にゃ〜は目を瞑り、死を覚悟した。しかし一向に切られた感覚がしない。目を開けると鈴にゃ〜がにゃ〜のすぐ目の前に手を広げて立ち、盗賊にナイフで切られていた。鈴にゃ〜はにゃ〜を庇ったのだ。
「鈴にゃあぁぁぁぁぁぁ!!!!」
鈴にゃ〜はその場に倒れた。それと同時に天生石は地面に転がった。盗賊はそれを拾って笑みを浮かべる。
「へへっ、こいつさえ手に入ればあとは用済みだ」
「そんな……鈴にゃ〜!鈴にゃ〜!」
「残念だったなガキ、たがお前が俺たちに喧嘩を売らなきゃこんなことにはならなかっただろうよ」
「くっ!この卑怯者め!絶対に許さないにゃ!」
「なんとでも言うがいいさ、どうせお前も死ぬんだからな!」
盗賊はナイフを振り上げる。すると入口のドアが開き、狼の妖怪と狐の妖怪が飛び出してきて盗賊を取り押さえた。その時に盗賊はナイフと天生石を落とす。
「捕まえた!」
「もう逃げれねぇぞ、観念しやがれ!」
「うわっ!?なんだてめぇら!くっ!!!畜生!もう少しの所で!だがもう遅い、石を持っていた猫はもうすぐ死ぬ」
「てめぇは黙ってろ!出雲、こいつは俺が抑えてる、鈴の治療出来るか?」
「やってみる!実ちゃん、手伝って!」
「うん!」
出雲と呼ばれる妖怪はみぃにゃ〜を呼び、鈴にゃ〜の手当を始める。
次にみぃにゃ〜、木乃葉にゃ〜とリィルにゃ〜が入ってきてにゃ〜を縛っている縄を全て素早く解く。
自由になったにゃ〜も急いで鈴にゃ〜の元へ向かう。
「鈴にゃ〜!鈴にゃ〜!嫌にゃ、死んじゃ嫌にゃ!起きてにゃ!」
「………………」
しかし鈴にゃ〜は既に虫の息だった。手当が間に合わない、鈴にゃ〜の身体が青く光り始めている。死に近づいているのだ。
ポロポロと涙が出てくる。すると、
「慌てるでないぞ、妾に任せるのじゃ三尾よ」
そう言いながら部屋に入ってきたのは、白い狐の妖怪だった。盗賊を取り押さえている狐とは違い、大人のようだ。

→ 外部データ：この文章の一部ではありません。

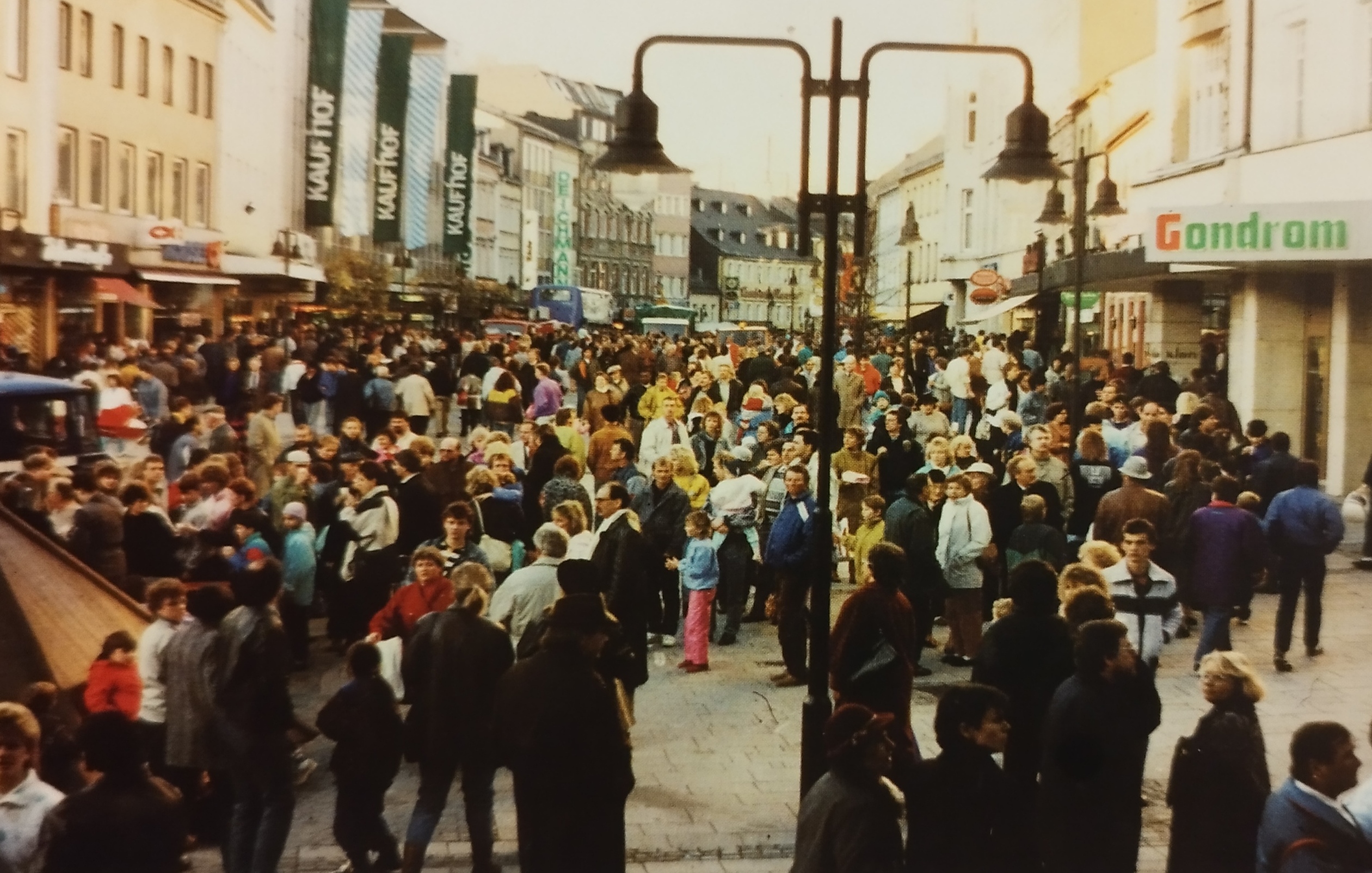 Bis zu 100 000 DDR-Bürger strömten täglich in die Hofer Innenstadt, so dass diese sogar teilweise gesperrt werden musste. Die DDR-Bürger holten sich in Hof ihr Begrüßungsgeld ab und gaben es in der Hofer Innenstadt direkt wieder aus. Hof erlebte ein Wirtschaftswunder, in dessen Folge viel Geld verdient und in zahlreiche, teils kostspielige Projekte gesteckt wurde. Ein nachhaltiges Wirtschaftswunder blieb jedoch aus, da die Grenzregionen im Osten neue Einkaufsmöglichkeiten schufen. Bayern erlebte nach der Wende durch die Zuwanderung von Arbeitskräften aus der ehemaligen DDR und die Erweiterung des Marktes einen wirtschaftlichen Aufschwung.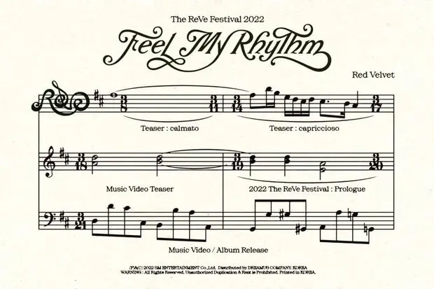 นอกจากนี้ ในตอนเย็นของวันที่ 6 มีนาคม Red Velvet ก็ได้กำหนดวันคัมแบ็คอย่างเป็นทางการด้วยการเปิดเผยกำหนดการคัมแบ็คของมินิอัลบั้ม ‘THE REVE FESTIVAL 2022 – FEEL MY RHYTHM’ เมื่อถอดรหัสคำตามตารางงาน ชาวเน็ตหลายคนคาดเดาว่าเกิร์ลกรุ๊ป SM จะปล่อยทีเซอร์ 2 ตัว โดยมี 2 คอนเซปต์คือ Red และ Velvet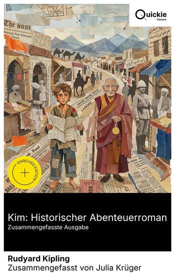 Kim erzählt die Odyssee des irischstämmigen Waisen Kimball O'Hara durch das koloniale Indien des späten 19. Jahrhunderts: vom Basar von Lahore über die Grand Trunk Road bis in die Vorberge des Himalaya. Zwischen der spirituellen Pilgerschaft an der Seite eines tibetischen Lamas, der den Fluss des Pfeils sucht, und der Rekrutierung in den Geheimdienst des Raj entfaltet Kipling eine doppelte Bewegung aus Bildungsroman und Spionageabenteuer, picaresker Episodenfolge und ethnografischer Miniatur. Der polyphone, dialektgesättigte Stil verbindet Topografie, Ritual, Handelswege und das "Great Game" zu einer vielschichtigen, ambivalenten Imperiums-Chronik. Kipling, 1865 in Bombay geboren, prägten frühe Indienjahre, eine harte Schulzeit in England und journalistische Arbeit in Lahore; als Reporter der Civil and Military Gazette lernte er Sprachen, Milieus und Hierarchien des Raj aus nächster Nähe kennen. Seine imperiale Loyalität und sein ethnografischer Blick – später mit dem Nobelpreis 1907 geadelt – verdichten sich in Kim (1901) zu einer poetischen Kartografie des "Great Game". Empfohlen sei dieser historische Abenteuerroman allen, die rasante Handlung mit intellektueller Tiefenschärfe suchen: Leserinnen und Leser von Spionageliteratur, Reiseliteratur und Postkolonialstudien finden hier gleichermaßen Anregung. Kim überzeugt als lebendiges Archiv von Stimmen und Wegen – und als Klassiker, der Imperium, Identität und Zugehörigkeit produktiv zur Diskussion stellt. Quickie Classics fasst zeitlose Werke präzise zusammen, bewahrt die Stimme des Autors und hält die Prosa klar, schnell und gut lesbar – destilliert, niemals verwässert. Extras der erweiterten Ausgabe: Einführung · Zusammenfassung · Historischer Kontext · Autorenbiografie · Kurze Analyse · 4 Reflexionsfragen · Redaktionelle Fußnoten.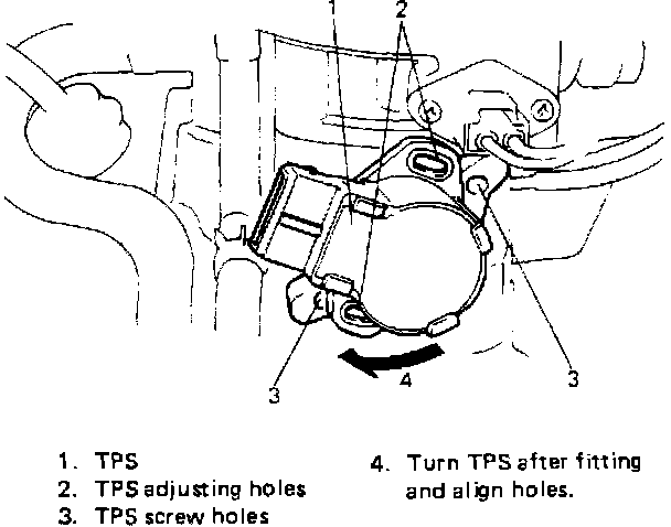 Fit TPS to throttle body in such way that its adjusting holes are a little away from TPS screw holes as shown and turn TPS clockwise so that those holes align. Then hand-tighten TPS screws.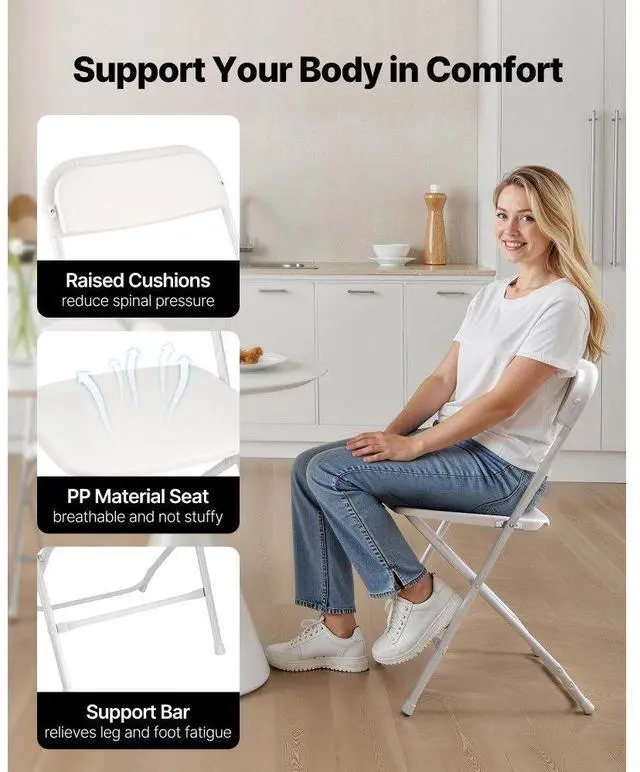 VEVOR 4 Pack Folding Chairs, Foldable Plastic Chairs with Heavy Duty Metal Frame, Portable Folding Card Table Chairs, Stackable Indoor Outdoor Seats for Home, Yard, Garden, Parties, Events, White Anti-Slip Foot Pads Triangular Frame Bottom Support Rods Easy to Fold & Transport Versatile for Multiple Scenarios Multiple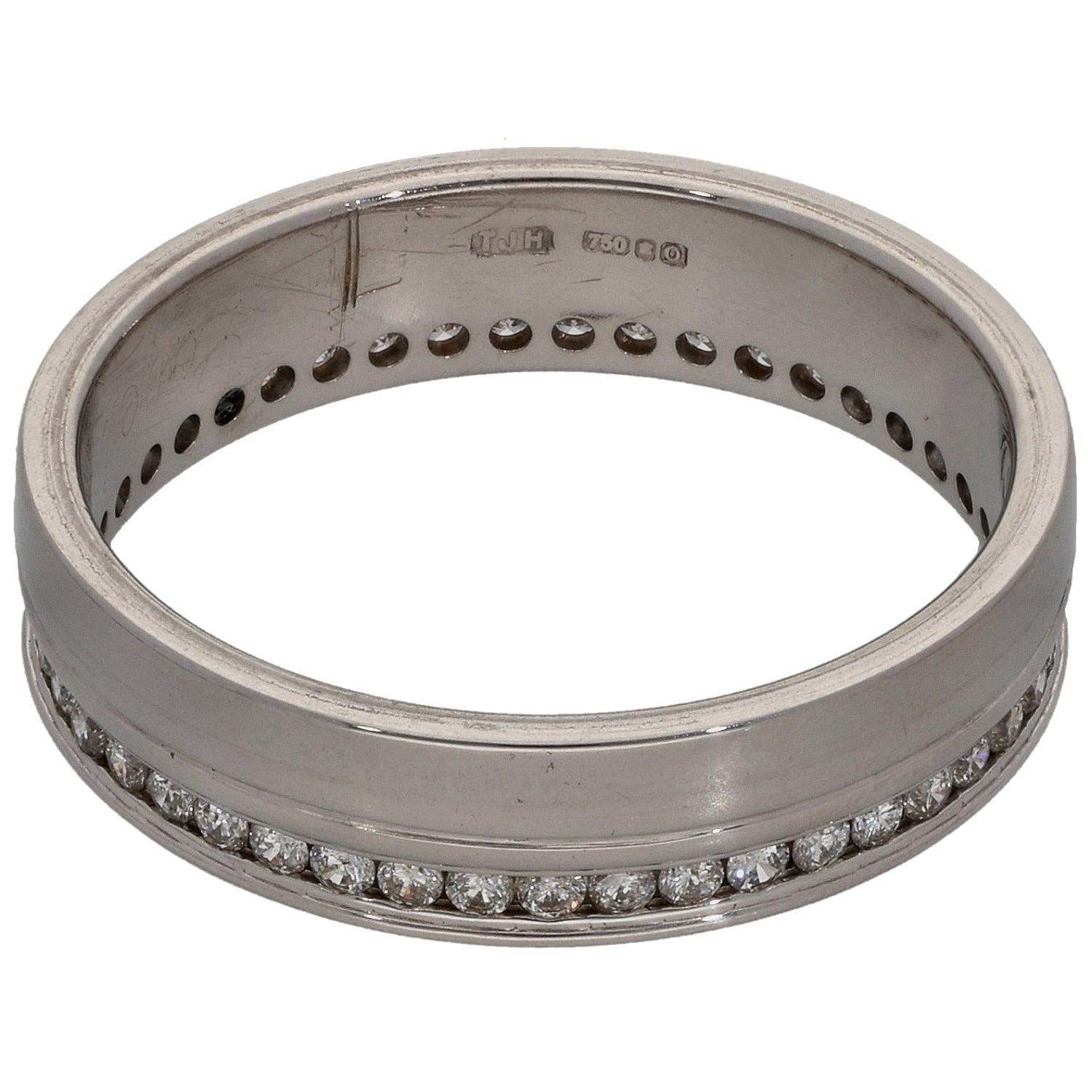 18ct White Gold 0.20ct Diamond Patterned Wedding Ring Size L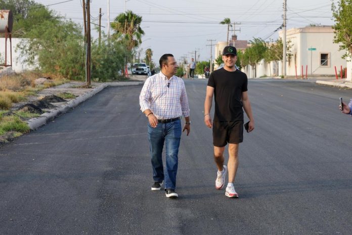 Delicias.- El alcalde Jesús Valenciano supervisó los trabajos de pavimentación en la calle Quinta sur, donde se pavimentaron 26 mil 500 metros cuadrados con una inversión superior a los 9 millones de pesos. Esta vialidad no había sido objeto de trabajos de recarpeteo desde que se inauguraron las instalaciones de la Feria Expo Delicias.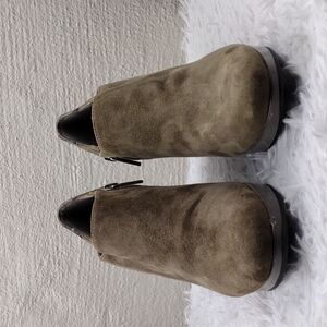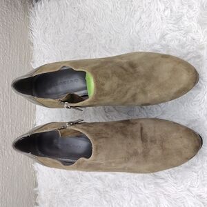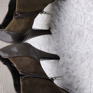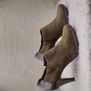 Bandolino Cardinal Taupe Suede Patent Leather Almond Toe High Heel Ankle Bootie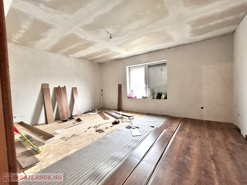 -Jelenleg a a fürdő , wc burkolása, és a szobák laminált parkettázása zajlik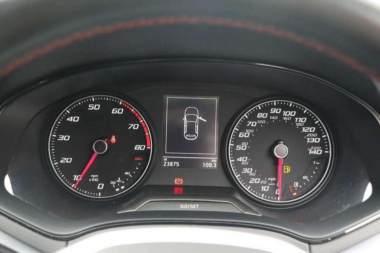 'Lights On' Reminder warning buzzer, 8" Digital cockpit, 9.2" touchscreen navigation system with type C USB socket, Voice control and DAB/AM/FM radio, Auto start and stop system, Bluetooth audio streaming with handsfree system, Digital clock, E-call, Full link smartphone integration with mirror link, wireless apple carplay, Google android auto + USB Type C cable for apple and android devices, Lane assist, Low fuel warning light, Outside temperature gauge, Power Steering, Seat connect with safety, service, remote and online, SEAT drive profiles and ECO function, SEAT logo boot release, Speed limiter, Trip computer, Sports suspension, Auxiliary input socket, Radio/MP3 player, SD card slot, Steering wheel mounted controls, Anti theft roof antenna, Auto dimming rear view mirror, Automatic rain sensing wipers, Black door mirrors, Body colour bumpers, Body colour door handles, Brilliant black window surrounds, Dark tinted rear windows, Electric adjustable/heated/folding door mirrors, Electric front windows, Electric headlight adjustment, Electric rear windows, Front/rear fog lights, FULL LED automatic headlights with dynamic headlight range control, coming and leaving home, LED daytime running lights, LED tail lights, Rear roof spoiler with FR twin exhausts, Rear side wing doors, Rear wiper, Third brake light, 3 seat bench in 2nd row, 60/40 split folding rear seat, Ambient interior lighting, Chrome detailing and black headlining, Cloth upholstery, Dual zone climate control with combination filter, Front courtesy lights, Front cupholders x 2, Front reading lights, Gear shift indicator, Glovebox, Height adjustable front and rear headrests (five), Height adjustable front seats, Height/reach adjust steering wheel, Illuminated air vent surrounds, Illuminated boot, Instrument lighting with brightness control, Isofix, Leather multifunction flat bottomed sports steering wheel, Passenger sunvisor, Single front passenger seat, Sports seats, Sunvisors with mirror and driver side card holder, 3 point seatbelts on all 3 rear seats, ABS, Active front headrests, Child locks on rear doors, Electronic stability control, Energy recovery system, Front assist forward collision warning and autonomous emergency braking, Front driver and passenger side airbags with curtain airbag and front passenger airbag deactivation, Hill hold control, Multi-Collision braking, Seat belt reminder for front and rear seats, Tiredness recognition system, Tyre pressure monitoring system, Electronic engine immobiliser, Locking wheel bolts, Perimeter alarm and interior monitoring with backup horn and tow away protection, Remote central locking + deadlocks, 17" Alloy wheels in Brilliant silver,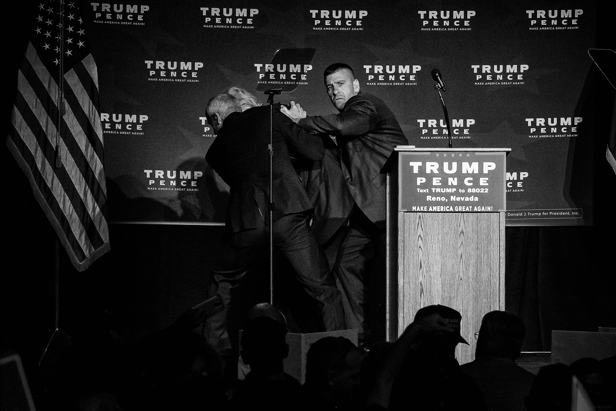 After somebody in the crowd yelled ‘gun’ while scuffling with a protester, US Secret Service agents rush Donald J. Trump offstage amid a chaotic scene at a campaign rally Saturday, Nov. 5, 2016 at the Reno-Sparks Convention Center in Reno, NV. No gun was ever recovered and the protester was not charged for any crime.

白狐は鈴にゃ〜の天生石を拾ってそれを鈴にゃ〜の傷に当てた。そして何かをブツブツと言い始めた。
「天より生を与えし青の神石よ、我が妖術を引き換えにこの者を癒したまえ」
すると天生石が青い光を放った。それと同時に鈴にゃ〜の傷がみるみる治っていく。呼吸も安定した。
傷が完全に治ると今度は天生石をにゃ〜の胸に当て、同じことをした。するとにゃ〜の傷も治り、さっきの傷が嘘のようになった。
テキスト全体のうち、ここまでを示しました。